Can I scrape Glassdoor without logging in?

Yes — public preview data (top 3 reviews per company, average salary, job listings) is visible without login. Detailed reviews and full salary distributions require an account, and scraping behind a login carries account-ban + ToS risks. Stick to public data unless you have a partnership.

Why does Glassdoor block my scraper?

DataDome + IP reputation + missing browser fingerprints. Plain requests fails immediately because of TLS fingerprint mismatch. Even with Playwright, datacenter IPs get blocked. Use rotating residential or LTE mobile proxies + 3-7s delays + realistic headers.

Does Glassdoor have an API?

Yes — the Glassdoor Partner Program (paid, application-only). It's the safe production path.
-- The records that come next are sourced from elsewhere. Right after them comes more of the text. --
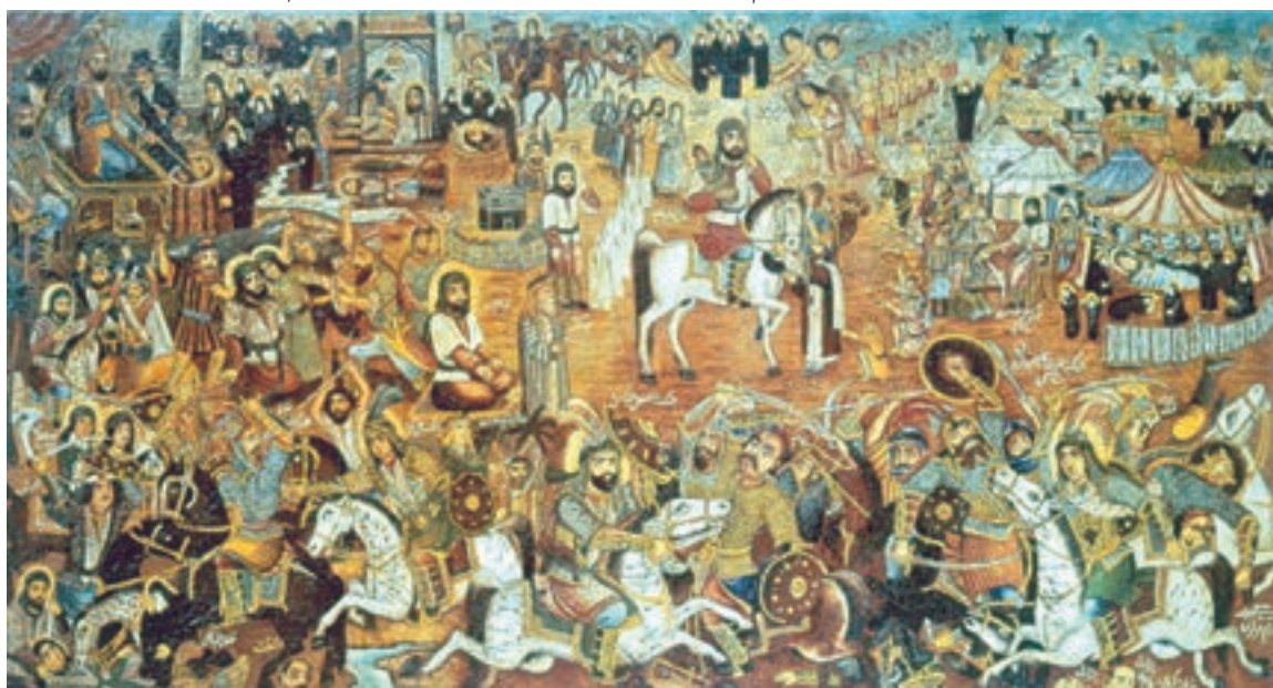
تصویر ۷۱-۲- مصیبت کربلا، اثر حسین قولر آقاسی، رنگ روغن روی بوم، حدود ۱۳۳۰ ه.ش.
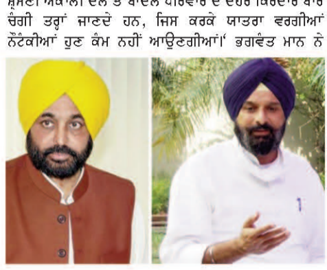
ਕਿਹਾ ਕਿ ਅਕਾਲੀ ਦਲ ਦੇ ਕੁਸ਼ਾਸਨ ਦੌਰਾਨ ਸ਼੍ਰੀ ਗੁਰੂ ਗ੍ਰੰਥ ਸਾਹਿਬ ਜੀ ਦੀ ਬੇਅਦਬੀ, ਗੈਂਗਟਸਰਾਂ ਤੇ ਨਸ਼ਾ ਮਾਰੀਆ ਦੀ ਪ੍ਰਸਤੁਤਪਨਾਹੀ ਵਰਗੇ ਬੱਖਰ ਗੁਨਾਹਾਂ ਵਿੱਚੋਂ ਉਹ ਕਦੇ ਦੁੱਧ ਹੋਣੇ ਸਾਬਤ ਨਹੀਂ ਹੋ ਸਕਦੇ ਹਨ। ਉਨ੍ਹਾਂ ਕਿਹਾ ਕਿ ਲੋਕ ਉਹ ਸਮਾਂ ਕਦੇ ਵੀ ਭੁੱਲ ਨਹੀਂ ਸਕਦੇ, ਜਦੋਂ ਸਮੁੱਚਾ ਪੰਜਾਬ ਕਾਲੇ ਖੇਤੀ ਕਾਨੂੰਨਾਂ ਖ਼ਿਲਾਫ਼ ਖੜ੍ਹਾ ਸੀ ਅਤੇ ਉਸ ਵੇਲੇ ਅਕਾਲੀ ਆਪਣੇ ਸੋਝੇ ਸਿਆਸੀ ਚਿੱਤਾਂ ਲਈ ਨਿਰਲੱਜ ਹੋ ਕੇ ਭਾਜਪਾ ਦੀ ਅਗਵਾਈ ਵਾਲੀ ਕੱਚਰ ਸਰਕਾਰ ਦੇ ਸੋਹਲੇ ਗਾ ਰਹੇ ਸਨ। ਉਨ੍ਹਾਂ ਕਿਹਾ ਕਿ ਅਕਾਲੀ ਦਲ ਦੀ ਪ੍ਰਸਤੁਤਪਤ ਯਾਤਰਾ ਸਿਰਫ਼ ਲੋਕਾਂ ਨੂੰ ਗੁੰਮਰਾਹ ਕਰਨ ਤੇ ਮੀਡੀਆ 'ਚ ਸੁਰਖੀਆਂ ਬਟੋਰਨ ਤੋਂ ਵੱਧ ਹੋਰ ਕੁਝ ਨਹੀਂ ਹੈ। ਉਧਰ ਸ਼੍ਰੋਮਣੀ ਅਕਾਲੀ ਦਲ ਦੇ ਸੀਨੀਅਰ ਆਗੂ ਤੇ ਸਾਬਕਾ ਮੰਤਰੀ ਬਿਕਰਮ ਸਿੰਘ ਮਜੀਠੀਆ ਨੇ ਟਵੀਟ ਕਰਦਿਆਂ ਕਿਹਾ ਕਿ ਸ਼੍ਰੋਮਣੀ ਅਕਾਲੀ ਦਲ ਤਾਂ 'ਪੰਜਾਬ ਬਚਾਓ ਯਾਤਰਾ' ਕੱਢ ਰਿਹਾ ਹੈ ਪਰ ਉਹ ਦਿਨ ਦੂਰ ਨਹੀਂ ਜਦੋਂ ਸਾਰੇ ਪੰਜਾਬੀ 'ਭਗਵੰਤ ਭਯਾਨ ਯਾਤਰਾ ਕੱਢਣਗੇ।' ਉਨ੍ਹਾਂ ਕਿਹਾ, "ਪੰਜਾਬ ਦਾ ਇਤਿਹਾਸ ਕੁਰਬਾਨੀਆਂ ਭਰਿਆ ਹੈ, ਪੰਜਾਬੀ ਇੱਕ ਬਹਾਦਰ ਮਾਰਸ਼ਲ ਕੌਮ ਹੈ। ਭਗਵੰਤ ਮਾਨ ਨੇ ਪੰਜਾਬ 'ਤੇ ਦਿੱਲੀ ਮਾਡਲ ਲਾਗੂ ਕਰ ਦਿੱਤਾ ਤੇ ਸਿਆਸਤ ਵਾਸਤੇ ਪੰਜਾਬ ਨੂੰ ਦਿੱਲੀ ਦੇ ਸਪੁਰਦ ਕਰ ਦਿੱਤਾ ਹੈ।" ਮਜੀਠੀਆ ਨੇ ਕਿਹਾ ਕਿ ਮੁੱਖ ਮੰਤਰੀ ਭਗਵੰਤ ਮਾਨ ਨੇ ਦੇਸ਼ ਨੂੰ ਰਾਹ ਦਿਖਾਉਣ ਵਾਲੇ ਪੰਜਾਬ ਨੂੰ ਦਿੱਲੀ ਕੋਲ ਸੰਭਰ ਕਰ ਦਿੱਤਾ ਹੈ।

ਚੰਡੀਗੜ੍ਹ-ਸ਼੍ਰੋਮਣੀ ਅਕਾਲੀ ਦਲ ਵੱਲੋਂ ਸੂਬੇ ਵਿੱਚ ਕੱਢੀ ਜਾਣ ਵਾਲੀ 'ਪੰਜਾਬ ਬਚਾਓ ਯਾਤਰਾ' ਨੂੰ ਲੈ ਕੇ ਪੰਜਾਬ ਦੇ ਮੁੱਖ ਮੰਤਰੀ ਭਗਵੰਤ ਸਿੰਘ ਮਾਨ ਅਤੇ ਸ਼੍ਰੋਮਣੀ ਅਕਾਲੀ ਦਲ ਦੇ ਸੀਨੀਅਰ ਆਗੂ ਤੇ ਸਾਬਕਾ ਮੰਤਰੀ ਬਿਕਰਮ ਸਿੰਘ ਮਜੀਠੀਆ ਆਹਮੋ-ਸਾਹਮਣੇ ਆ ਗਏ ਹਨ। ਸ਼੍ਰੋਮਣੀ ਅਕਾਲੀ ਦਲ ਨੇ ਪਹਿਲੀ ਫਰਵਰੀ ਤੋਂ ਸੂਬੇ ਦੇ ਸਾਰੇ 117 ਵਿਧਾਨ ਸਭਾ ਹਲਕਿਆਂ ਵਿੱਚ 'ਪੰਜਾਬ ਬਚਾਓ ਯਾਤਰਾ' ਕੱਢਣ ਦਾ ਐਲਾਨ ਕੀਤਾ ਹੈ। ਮੁੱਖ ਮੰਤਰੀ ਭਗਵੰਤ ਮਾਨ ਨੇ ਸ਼੍ਰੋਮਣੀ ਅਕਾਲੀ ਦਲ ਨੂੰ ਨਿਸ਼ਾਨੇ 'ਤੇ ਲੈਂਦਿਆਂ ਕਿਹਾ ਕਿ ਯਾਤਰਾ ਦਾ ਅਸਲ ਨਾਮ 'ਅਕਾਲੀ ਦਲ ਤੋਂ ਪੰਜਾਬ ਬਚਾ ਲਓ ਯਾਤਰਾ' ਹੋਣਾ ਚਾਹੀਦਾ ਹੈ। ਇਸ 'ਤੇ ਸ਼੍ਰੋਮਣੀ ਅਕਾਲੀ ਦਲ ਦੇ ਆਗੂ ਬਿਕਰਮ ਸਿੰਘ ਮਜੀਠੀਆ ਨੇ ਟਵੀਟ ਰਾਹੀਂ ਪ੍ਰਤੀਕਰਮ ਦਿੱਤਾ ਹੈ। ਮੁੱਖ ਮੰਤਰੀ ਨੇ ਕਿਹਾ ਕਿ ਸ਼੍ਰੋਮਣੀ ਅਕਾਲੀ ਦਲ ਨੇ 15 ਸਾਲਾਂ ਦੇ ਕੁਸ਼ਾਸਨ ਦੌਰਾਨ ਪੰਜਾਬ ਨੂੰ ਬੇਰਹਿਮੀ ਨਾਲ ਲੁੱਟਿਆ ਹੈ, ਜਿਸ ਕਰਕੇ ਯਾਤਰਾ ਦਾ ਅਸਲ ਨਾਮ 'ਅਕਾਲੀ ਦਲ ਤੋਂ ਪੰਜਾਬ ਬਚਾ ਲਓ ਯਾਤਰਾ' ਹੋਣਾ ਚਾਹੀਦਾ ਹੈ। ਉਨ੍ਹਾਂ ਕਿਹਾ ਕਿ ਸੂਬੇ ਦੀ ਸਭ ਤੋਂ ਪੁਰਾਣੀ ਸਿਆਸੀ ਪਾਰਟੀ ਹੁਣ ਹਾਸੀਏ 'ਤੇ ਪਹੁੰਚ ਚੁੱਕੀ ਹੈ ਅਤੇ ਤਿੰਨ ਸੀਟਾਂ ਤੱਕ ਸਿਮਟ ਕੇ ਰਹਿ ਗਈ ਹੈ। 'ਪੰਜਾਬ ਦੇ ਲੋਕ
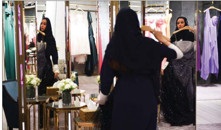
أميرة سعودية تتصفح أحد مراكز اليراض التجارية
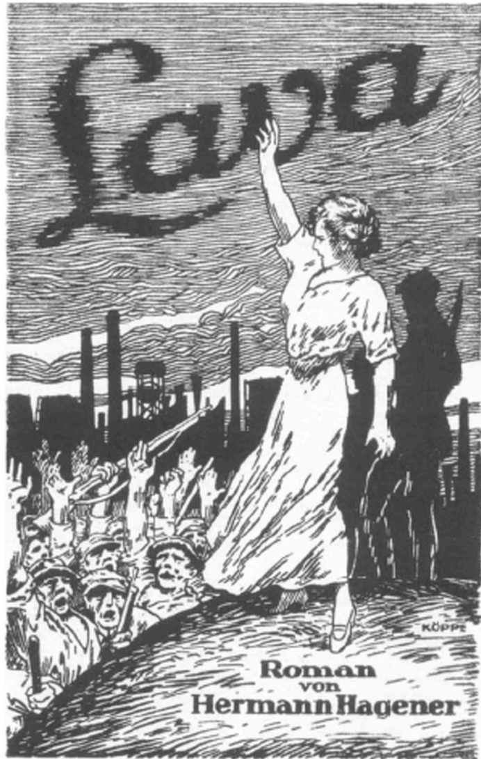
Cover of a novel (1921).

Angst van “feminisering” “vloeden” “decompositie” (Klaus Theweleit)
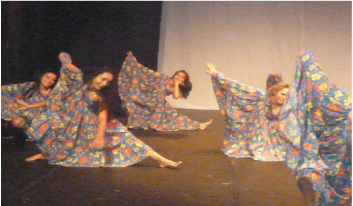
Figura 20 - Coreografia: Viver Feliz (Espetáculo Pai D'égua)

For research/one-off analysis, Playwright + residential proxies is the practical alternative.

Should I use Selenium or Playwright for Glassdoor?

Playwright is better in 2026: cleaner async API, built-in proxy support, less prone to WebDriver detection. Selenium can work with undetected-chromedriver but is older. If you already have Selenium infrastructure, stick with it; greenfield use Playwright.

Why does Glassdoor show me a login wall after a few pages?

Soft anti-scrape mechanism — anonymous users hit a registration interstitial after 3-5 page views in a session. Mitigation: rotate IP + clear cookies + new browser context every 3-5 pages. Don't actually log in to bypass — that's a ToS violation.

What proxy type works best for Glassdoor?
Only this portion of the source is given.